Text Classification
From RapidWiki
The task of text classification is to assign an (electronic) document to one or more categories, based on its contents. Document classification tasks can be divided into two sorts: supervised document classification where some external mechanism (such as human feedback) provides information on the correct classification for documents and new documents should be automatically classified, and unsupervised document classification, where the classification can be done entirely without reference to external information.
We will give here a short example configuration for the first setting. We use two predefined classes ("graphics" and "hardware" in this example). The text for each of these classes is stored in its own directory. The first operator, WVTool, loads the texts and transforms it into a word vector format which can be used for learning. The next operator learns the model which is then written into a file.

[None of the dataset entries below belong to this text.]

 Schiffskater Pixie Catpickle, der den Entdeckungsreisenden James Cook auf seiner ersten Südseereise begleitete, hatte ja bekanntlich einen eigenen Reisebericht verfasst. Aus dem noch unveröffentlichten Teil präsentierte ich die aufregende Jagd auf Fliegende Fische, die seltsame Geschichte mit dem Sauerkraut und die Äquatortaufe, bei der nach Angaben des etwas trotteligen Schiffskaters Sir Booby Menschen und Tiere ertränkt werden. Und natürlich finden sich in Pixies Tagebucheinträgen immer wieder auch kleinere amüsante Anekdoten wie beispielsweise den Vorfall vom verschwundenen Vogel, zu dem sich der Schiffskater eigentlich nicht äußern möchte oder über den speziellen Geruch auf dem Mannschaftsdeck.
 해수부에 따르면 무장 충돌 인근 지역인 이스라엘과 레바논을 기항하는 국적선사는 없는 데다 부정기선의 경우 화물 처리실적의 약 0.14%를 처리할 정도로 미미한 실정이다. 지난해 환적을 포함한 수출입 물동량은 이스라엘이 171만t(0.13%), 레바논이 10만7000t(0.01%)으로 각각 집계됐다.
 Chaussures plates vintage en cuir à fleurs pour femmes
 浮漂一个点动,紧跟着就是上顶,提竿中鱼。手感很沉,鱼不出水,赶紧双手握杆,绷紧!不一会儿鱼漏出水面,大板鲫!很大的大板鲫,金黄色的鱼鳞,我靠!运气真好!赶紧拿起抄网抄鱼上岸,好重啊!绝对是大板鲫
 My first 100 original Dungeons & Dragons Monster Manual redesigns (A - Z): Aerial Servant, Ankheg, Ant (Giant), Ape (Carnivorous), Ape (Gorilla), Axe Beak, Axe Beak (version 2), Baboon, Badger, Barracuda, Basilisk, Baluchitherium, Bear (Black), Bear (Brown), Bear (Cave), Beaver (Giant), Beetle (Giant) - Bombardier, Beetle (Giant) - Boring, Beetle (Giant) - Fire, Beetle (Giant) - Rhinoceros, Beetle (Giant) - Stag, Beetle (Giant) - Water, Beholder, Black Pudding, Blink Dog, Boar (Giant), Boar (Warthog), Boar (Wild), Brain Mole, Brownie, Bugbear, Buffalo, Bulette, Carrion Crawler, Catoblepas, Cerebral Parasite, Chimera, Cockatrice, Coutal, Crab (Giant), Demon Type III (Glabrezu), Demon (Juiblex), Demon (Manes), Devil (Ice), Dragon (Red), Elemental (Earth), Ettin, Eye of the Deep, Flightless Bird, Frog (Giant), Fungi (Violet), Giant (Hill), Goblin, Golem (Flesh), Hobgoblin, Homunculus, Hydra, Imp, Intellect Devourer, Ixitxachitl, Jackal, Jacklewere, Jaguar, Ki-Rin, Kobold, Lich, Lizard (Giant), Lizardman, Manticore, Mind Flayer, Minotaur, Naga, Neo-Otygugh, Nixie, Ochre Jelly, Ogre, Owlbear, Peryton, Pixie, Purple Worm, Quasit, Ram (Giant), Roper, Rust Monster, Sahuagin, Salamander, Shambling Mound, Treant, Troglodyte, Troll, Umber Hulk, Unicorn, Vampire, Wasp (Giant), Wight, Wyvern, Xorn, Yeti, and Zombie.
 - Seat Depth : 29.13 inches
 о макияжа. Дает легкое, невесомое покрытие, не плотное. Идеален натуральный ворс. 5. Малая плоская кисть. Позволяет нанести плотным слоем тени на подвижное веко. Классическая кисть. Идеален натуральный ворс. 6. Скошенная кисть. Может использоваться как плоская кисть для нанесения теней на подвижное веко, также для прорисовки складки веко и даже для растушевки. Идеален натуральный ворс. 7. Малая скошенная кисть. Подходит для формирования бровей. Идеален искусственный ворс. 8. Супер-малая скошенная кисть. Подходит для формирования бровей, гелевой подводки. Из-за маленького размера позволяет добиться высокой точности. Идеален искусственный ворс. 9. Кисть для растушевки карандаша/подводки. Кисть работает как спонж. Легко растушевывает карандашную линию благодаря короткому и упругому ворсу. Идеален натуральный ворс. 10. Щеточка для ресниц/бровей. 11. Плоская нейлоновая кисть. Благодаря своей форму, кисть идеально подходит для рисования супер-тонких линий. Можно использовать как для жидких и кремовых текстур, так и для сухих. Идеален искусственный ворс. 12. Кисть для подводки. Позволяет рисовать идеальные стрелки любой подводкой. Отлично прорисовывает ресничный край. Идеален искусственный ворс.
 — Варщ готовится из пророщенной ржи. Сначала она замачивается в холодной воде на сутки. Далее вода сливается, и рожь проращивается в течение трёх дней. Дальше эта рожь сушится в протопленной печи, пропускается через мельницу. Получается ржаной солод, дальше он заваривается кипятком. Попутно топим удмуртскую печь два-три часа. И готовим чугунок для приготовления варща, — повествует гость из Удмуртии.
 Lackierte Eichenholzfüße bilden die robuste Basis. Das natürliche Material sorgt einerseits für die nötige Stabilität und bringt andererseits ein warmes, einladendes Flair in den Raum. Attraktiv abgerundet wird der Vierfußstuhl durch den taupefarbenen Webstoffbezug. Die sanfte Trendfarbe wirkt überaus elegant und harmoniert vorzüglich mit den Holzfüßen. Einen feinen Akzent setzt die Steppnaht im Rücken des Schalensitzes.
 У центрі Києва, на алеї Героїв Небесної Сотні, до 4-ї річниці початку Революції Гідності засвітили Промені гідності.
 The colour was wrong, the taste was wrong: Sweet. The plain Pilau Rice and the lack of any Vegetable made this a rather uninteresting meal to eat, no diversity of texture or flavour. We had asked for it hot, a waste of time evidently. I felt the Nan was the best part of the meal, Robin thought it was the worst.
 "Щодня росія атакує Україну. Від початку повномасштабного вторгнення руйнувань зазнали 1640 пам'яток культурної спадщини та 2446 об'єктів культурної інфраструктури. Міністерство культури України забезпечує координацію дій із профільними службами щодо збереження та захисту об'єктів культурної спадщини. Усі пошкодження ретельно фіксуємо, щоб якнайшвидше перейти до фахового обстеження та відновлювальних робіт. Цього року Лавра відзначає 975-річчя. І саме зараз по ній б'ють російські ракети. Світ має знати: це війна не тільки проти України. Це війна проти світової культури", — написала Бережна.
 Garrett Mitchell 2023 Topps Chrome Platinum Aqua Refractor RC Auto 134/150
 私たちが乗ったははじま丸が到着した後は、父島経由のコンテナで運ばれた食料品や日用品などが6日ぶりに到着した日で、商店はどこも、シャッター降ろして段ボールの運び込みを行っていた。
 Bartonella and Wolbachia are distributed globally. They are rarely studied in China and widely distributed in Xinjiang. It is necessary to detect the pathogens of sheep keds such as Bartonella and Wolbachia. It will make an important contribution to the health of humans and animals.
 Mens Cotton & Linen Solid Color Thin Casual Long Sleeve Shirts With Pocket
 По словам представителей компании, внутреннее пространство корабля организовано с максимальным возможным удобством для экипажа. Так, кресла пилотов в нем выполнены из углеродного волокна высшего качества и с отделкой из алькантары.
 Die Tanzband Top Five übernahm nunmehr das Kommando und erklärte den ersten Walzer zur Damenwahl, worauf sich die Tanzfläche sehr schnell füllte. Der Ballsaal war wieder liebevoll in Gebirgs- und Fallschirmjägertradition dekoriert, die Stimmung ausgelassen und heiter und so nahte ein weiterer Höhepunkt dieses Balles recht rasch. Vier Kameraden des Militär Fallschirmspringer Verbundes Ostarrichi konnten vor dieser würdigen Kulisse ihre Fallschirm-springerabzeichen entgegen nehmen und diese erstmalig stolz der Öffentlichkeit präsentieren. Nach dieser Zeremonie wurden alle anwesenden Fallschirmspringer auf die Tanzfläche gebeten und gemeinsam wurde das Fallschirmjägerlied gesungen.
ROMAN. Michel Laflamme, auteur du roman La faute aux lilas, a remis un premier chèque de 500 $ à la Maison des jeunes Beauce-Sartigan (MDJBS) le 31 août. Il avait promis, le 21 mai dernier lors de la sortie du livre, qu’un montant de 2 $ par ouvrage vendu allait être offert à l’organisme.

Here is the setup:
<operator name="Root" class="Experiment">
<operator name="WVTool" class="WVTool">
<list key="attributes">
</list>
<parameter key="default_content_language" value="english"/>
<parameter key="inputfilter" value="TextInputFilter"/>
<parameter key="min_chars" value="3"/>
<list key="namespaces">
</list>
<parameter key="output_word_list" value="../data/training_words.list"/>
<parameter key="stemmer" value="PorterStemmerWrapper"/>
<list key="texts">
<parameter key="graphics" value="../data/newsgroup/graphics"/>
<parameter key="hardware" value="../data/newsgroup/hardware"/>
</list>
</operator>
<operator name="LibSVMLearner" class="LibSVMLearner">
<list key="class_weights">
</list>
<parameter key="kernel_type" value="linear"/>
</operator>
<operator name="ModelWriter" class="ModelWriter">
<parameter key="model_file" value="../data/training_model.mod"/>
</operator>
</operator>